# Instructions to follow
Print only the lines from the one with "さすがの集中力と良い姿勢で年" through the end of the data, exactly, and please omit pictures.

[Records drawn from a dataset]
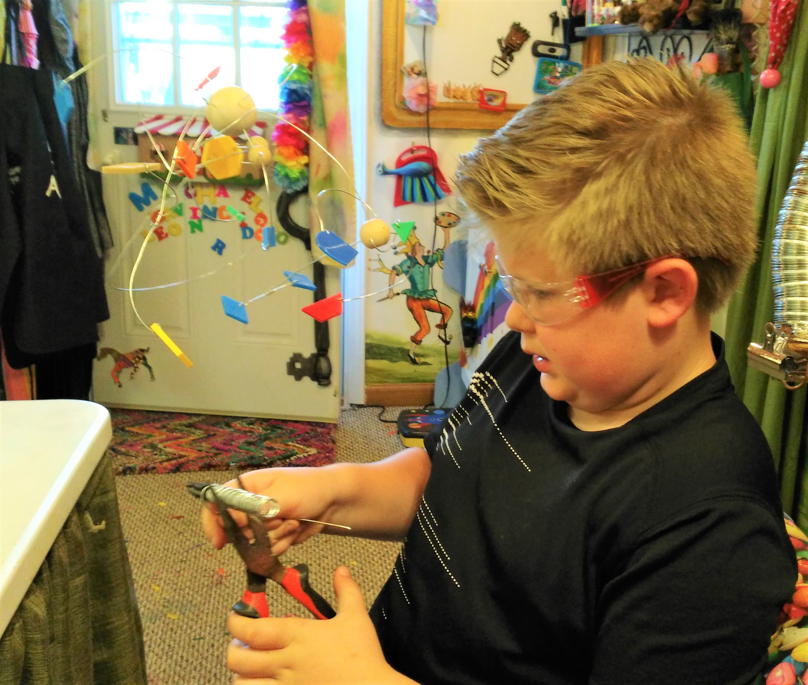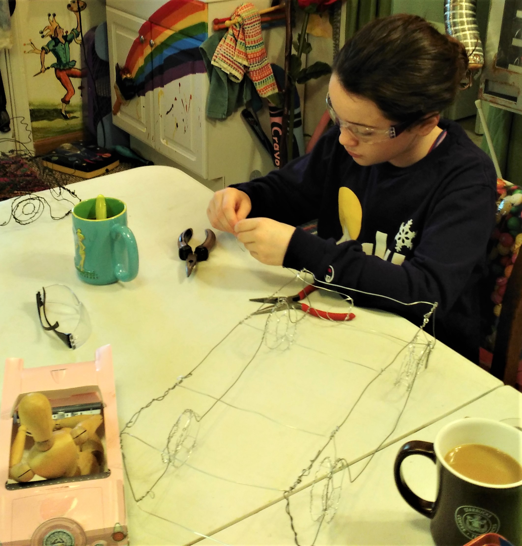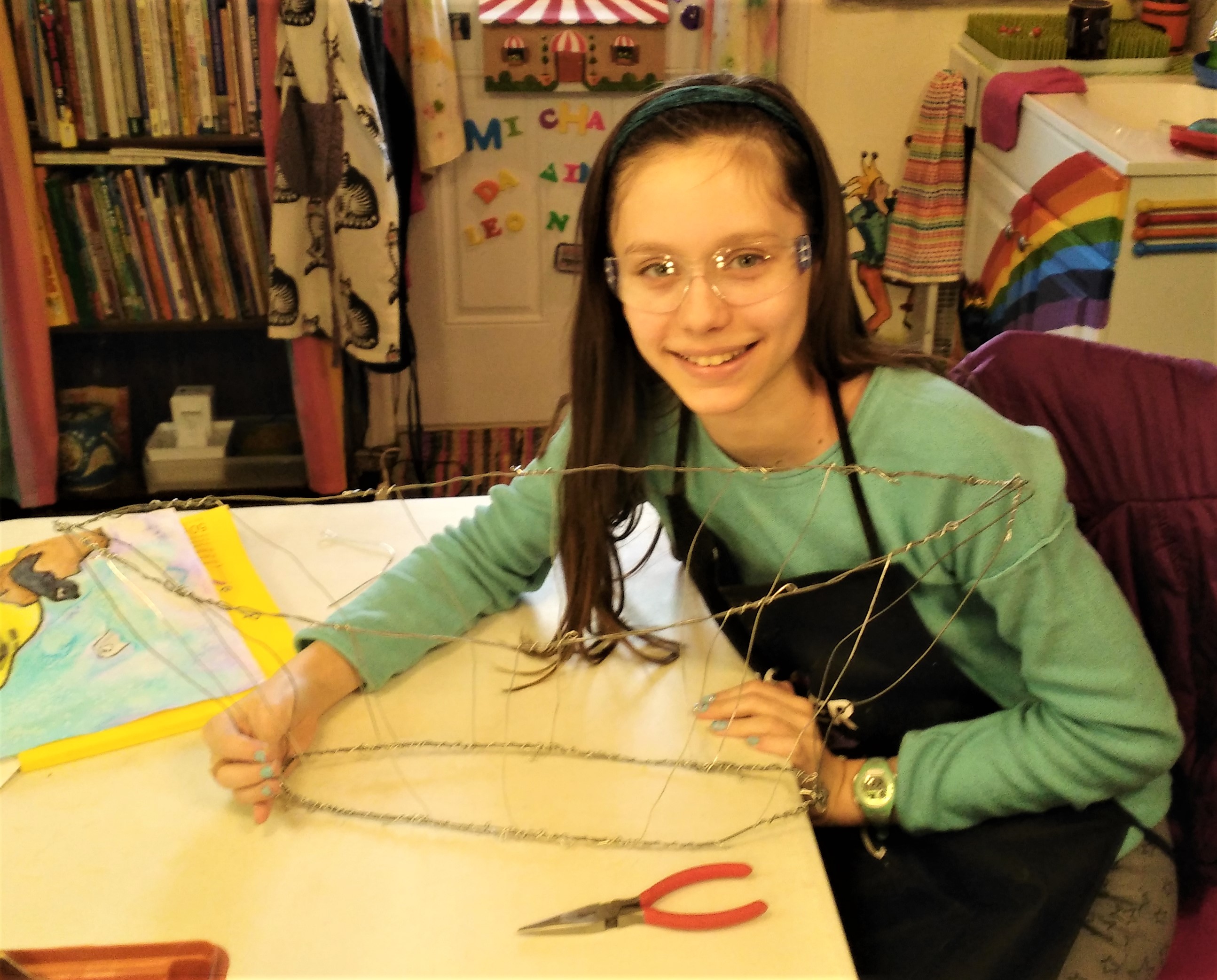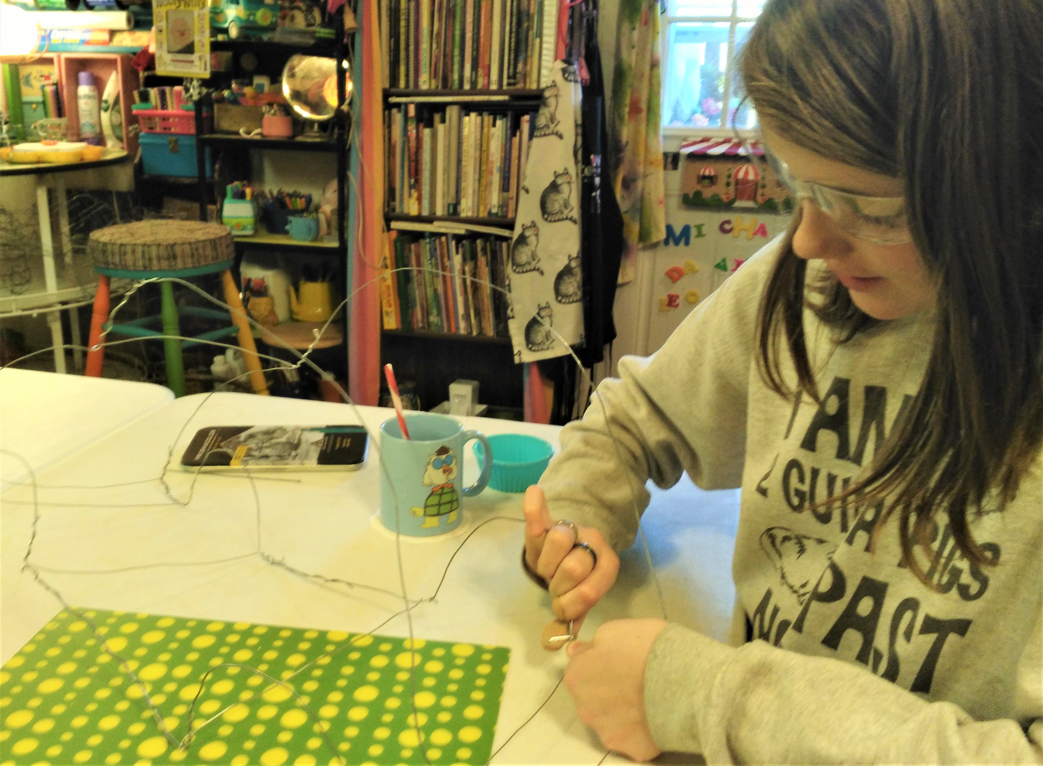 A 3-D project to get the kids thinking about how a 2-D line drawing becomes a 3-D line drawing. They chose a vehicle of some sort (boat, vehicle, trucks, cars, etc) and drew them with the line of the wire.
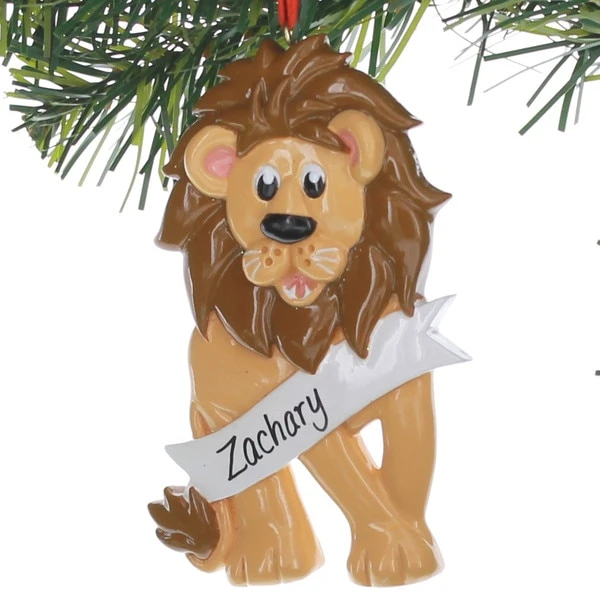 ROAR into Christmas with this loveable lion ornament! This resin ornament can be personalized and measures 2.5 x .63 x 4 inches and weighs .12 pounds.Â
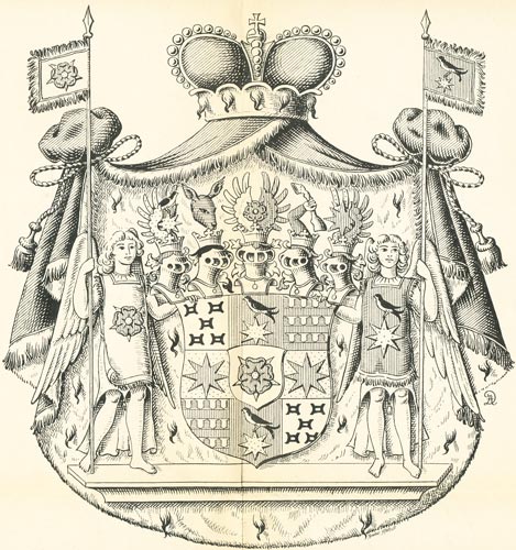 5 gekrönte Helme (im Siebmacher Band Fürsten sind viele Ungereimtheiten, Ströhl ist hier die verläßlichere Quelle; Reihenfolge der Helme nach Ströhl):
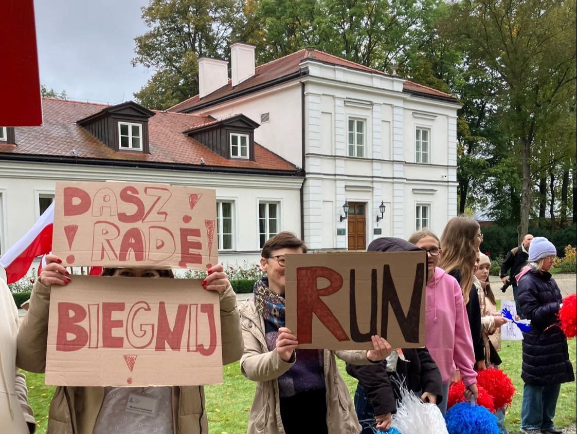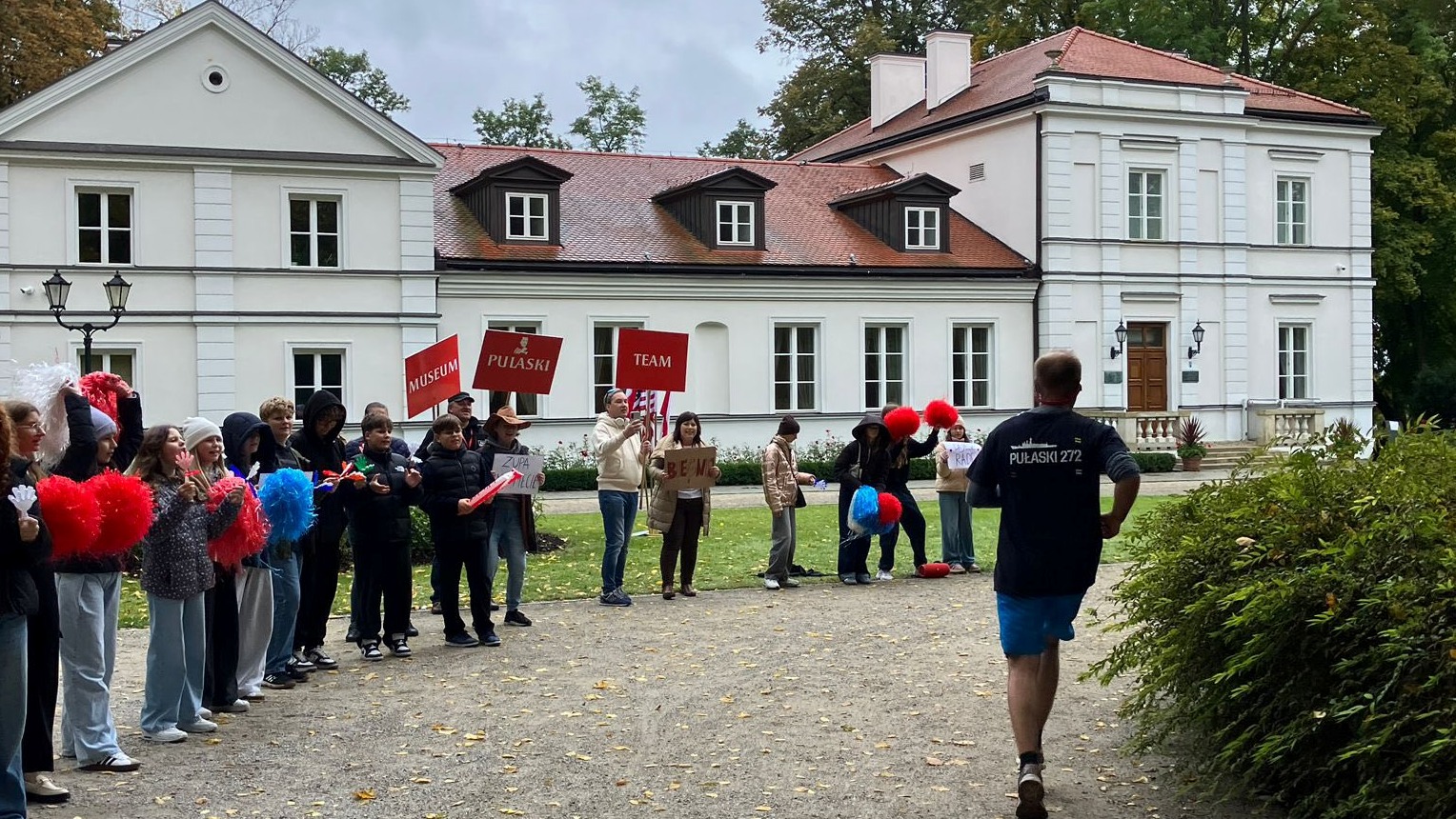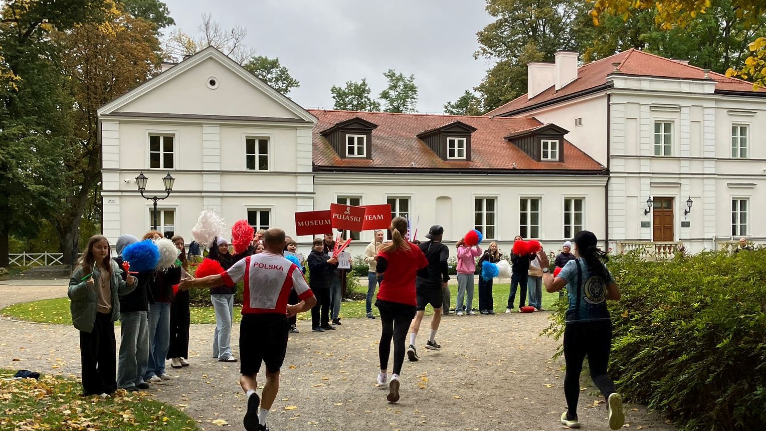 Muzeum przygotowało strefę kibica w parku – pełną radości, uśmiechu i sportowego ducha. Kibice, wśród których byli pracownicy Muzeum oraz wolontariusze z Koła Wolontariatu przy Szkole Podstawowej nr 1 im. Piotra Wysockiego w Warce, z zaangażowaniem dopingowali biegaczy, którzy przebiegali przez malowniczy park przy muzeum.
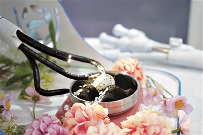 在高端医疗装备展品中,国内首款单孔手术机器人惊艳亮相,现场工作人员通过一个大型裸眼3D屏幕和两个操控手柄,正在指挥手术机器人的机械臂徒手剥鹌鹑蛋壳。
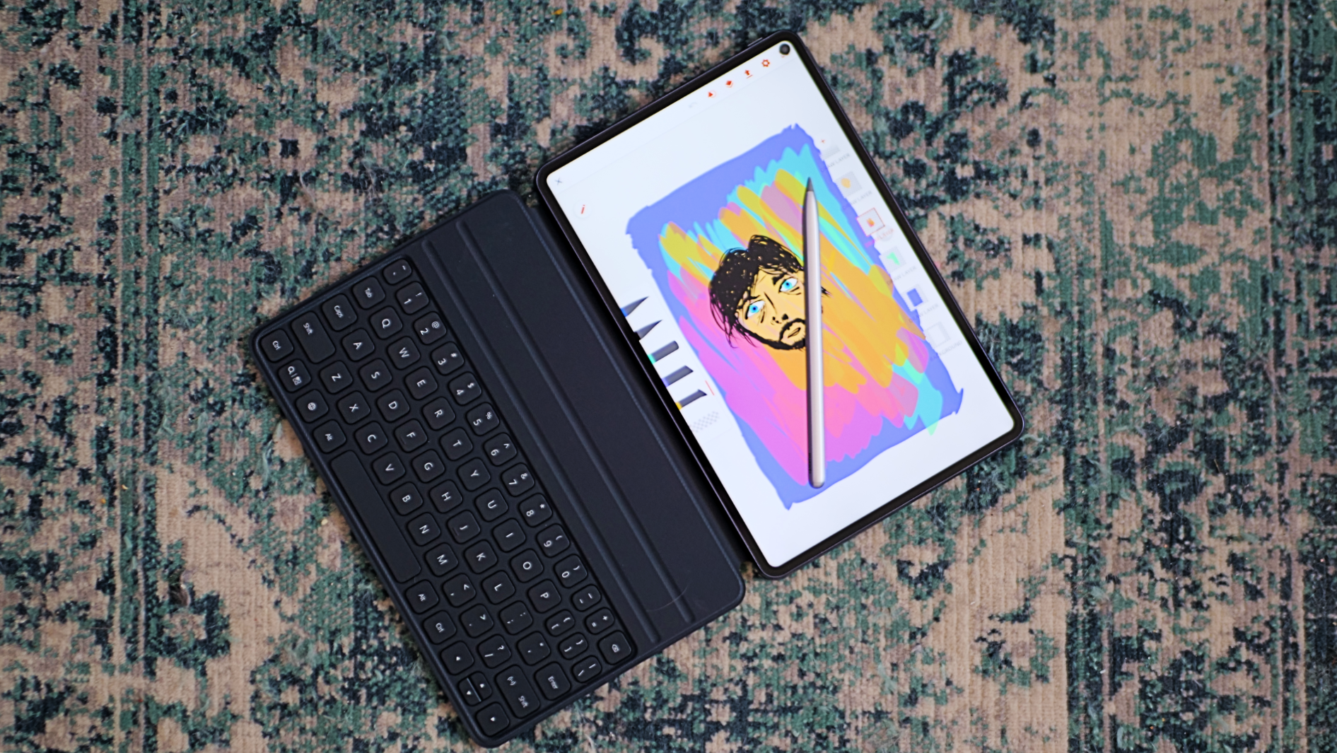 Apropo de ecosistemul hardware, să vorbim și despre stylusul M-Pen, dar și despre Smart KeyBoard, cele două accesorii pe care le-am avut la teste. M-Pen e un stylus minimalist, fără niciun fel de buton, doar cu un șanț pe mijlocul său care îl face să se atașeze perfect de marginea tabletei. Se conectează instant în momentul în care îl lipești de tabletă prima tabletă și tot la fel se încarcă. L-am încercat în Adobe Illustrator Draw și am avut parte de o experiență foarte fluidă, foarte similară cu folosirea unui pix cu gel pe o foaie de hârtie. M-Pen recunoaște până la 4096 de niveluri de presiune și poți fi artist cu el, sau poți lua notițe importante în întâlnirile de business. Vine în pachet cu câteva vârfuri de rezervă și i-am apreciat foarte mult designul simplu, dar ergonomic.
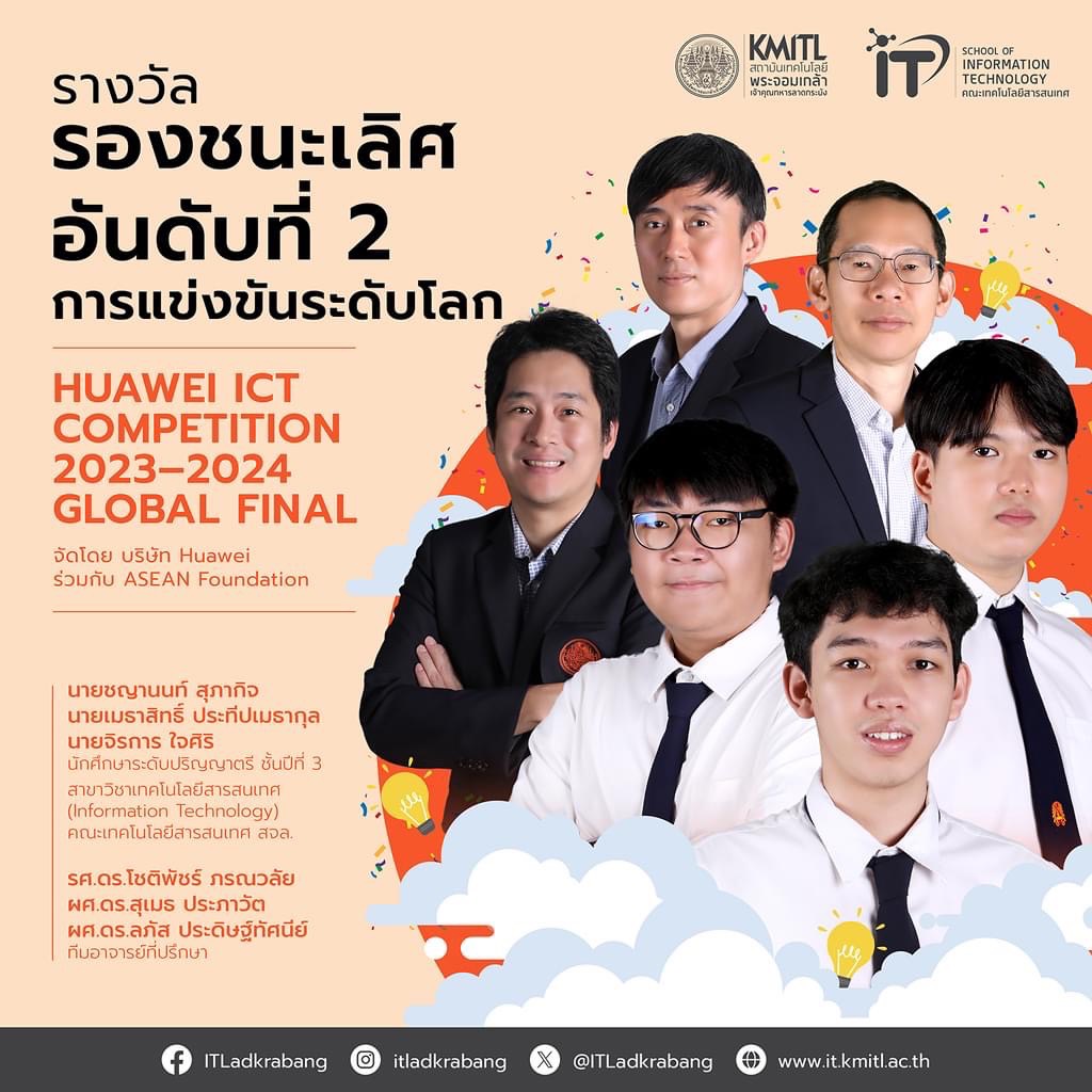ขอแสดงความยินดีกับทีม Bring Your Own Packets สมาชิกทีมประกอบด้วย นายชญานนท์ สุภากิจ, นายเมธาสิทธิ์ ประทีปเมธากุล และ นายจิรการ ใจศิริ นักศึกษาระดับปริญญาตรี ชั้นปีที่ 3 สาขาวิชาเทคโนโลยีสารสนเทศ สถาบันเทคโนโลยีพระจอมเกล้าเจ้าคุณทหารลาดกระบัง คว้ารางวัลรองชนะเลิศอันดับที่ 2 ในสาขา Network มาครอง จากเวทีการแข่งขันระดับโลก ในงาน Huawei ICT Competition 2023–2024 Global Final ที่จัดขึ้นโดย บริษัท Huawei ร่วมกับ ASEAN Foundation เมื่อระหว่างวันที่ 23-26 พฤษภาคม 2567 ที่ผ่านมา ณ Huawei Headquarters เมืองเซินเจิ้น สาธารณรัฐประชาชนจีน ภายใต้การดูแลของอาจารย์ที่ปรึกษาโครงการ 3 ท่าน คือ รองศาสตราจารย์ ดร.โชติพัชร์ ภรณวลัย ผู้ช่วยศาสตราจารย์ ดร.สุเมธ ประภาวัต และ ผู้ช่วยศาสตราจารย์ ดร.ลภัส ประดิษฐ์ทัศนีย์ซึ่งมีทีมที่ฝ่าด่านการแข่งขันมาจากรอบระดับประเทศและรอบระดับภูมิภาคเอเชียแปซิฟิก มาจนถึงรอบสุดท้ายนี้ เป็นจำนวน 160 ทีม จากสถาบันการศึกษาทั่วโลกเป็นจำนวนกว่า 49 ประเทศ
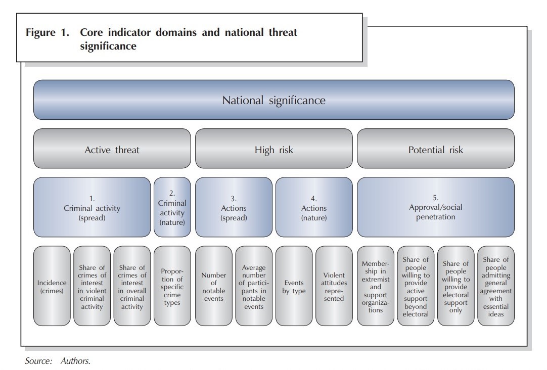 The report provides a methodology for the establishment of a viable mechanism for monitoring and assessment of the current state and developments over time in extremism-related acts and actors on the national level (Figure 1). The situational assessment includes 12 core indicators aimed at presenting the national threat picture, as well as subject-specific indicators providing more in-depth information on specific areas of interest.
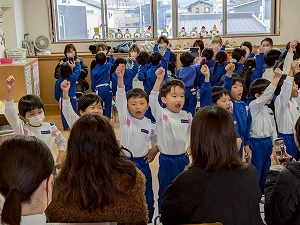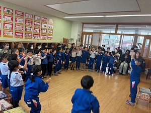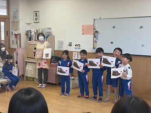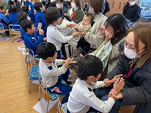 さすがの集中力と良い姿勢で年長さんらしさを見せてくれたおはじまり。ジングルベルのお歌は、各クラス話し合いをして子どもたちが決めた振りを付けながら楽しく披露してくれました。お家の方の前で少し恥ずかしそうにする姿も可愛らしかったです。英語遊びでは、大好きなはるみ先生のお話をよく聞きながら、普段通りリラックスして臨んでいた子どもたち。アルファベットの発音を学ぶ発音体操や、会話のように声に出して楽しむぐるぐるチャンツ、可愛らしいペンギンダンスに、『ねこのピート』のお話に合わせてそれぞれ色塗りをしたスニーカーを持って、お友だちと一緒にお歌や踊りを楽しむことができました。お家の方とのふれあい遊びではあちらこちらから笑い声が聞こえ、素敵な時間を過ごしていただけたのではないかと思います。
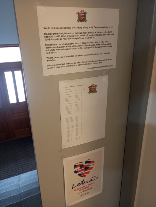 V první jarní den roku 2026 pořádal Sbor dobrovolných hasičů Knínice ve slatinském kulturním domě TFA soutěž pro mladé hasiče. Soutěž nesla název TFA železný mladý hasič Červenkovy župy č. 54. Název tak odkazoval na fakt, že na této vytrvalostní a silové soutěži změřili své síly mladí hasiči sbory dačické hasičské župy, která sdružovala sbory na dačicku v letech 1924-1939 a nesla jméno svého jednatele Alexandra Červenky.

# Response for this exercise
 さすがの集中力と良い姿勢で年長さんらしさを見せてくれたおはじまり。ジングルベルのお歌は、各クラス話し合いをして子どもたちが決めた振りを付けながら楽しく披露してくれました。お家の方の前で少し恥ずかしそうにする姿も可愛らしかったです。英語遊びでは、大好きなはるみ先生のお話をよく聞きながら、普段通りリラックスして臨んでいた子どもたち。アルファベットの発音を学ぶ発音体操や、会話のように声に出して楽しむぐるぐるチャンツ、可愛らしいペンギンダンスに、『ねこのピート』のお話に合わせてそれぞれ色塗りをしたスニーカーを持って、お友だちと一緒にお歌や踊りを楽しむことができました。お家の方とのふれあい遊びではあちらこちらから笑い声が聞こえ、素敵な時間を過ごしていただけたのではないかと思います。
 V první jarní den roku 2026 pořádal Sbor dobrovolných hasičů Knínice ve slatinském kulturním domě TFA soutěž pro mladé hasiče. Soutěž nesla název TFA železný mladý hasič Červenkovy župy č. 54. Název tak odkazoval na fakt, že na této vytrvalostní a silové soutěži změřili své síly mladí hasiči sbory dačické hasičské župy, která sdružovala sbory na dačicku v letech 1924-1939 a nesla jméno svého jednatele Alexandra Červenky.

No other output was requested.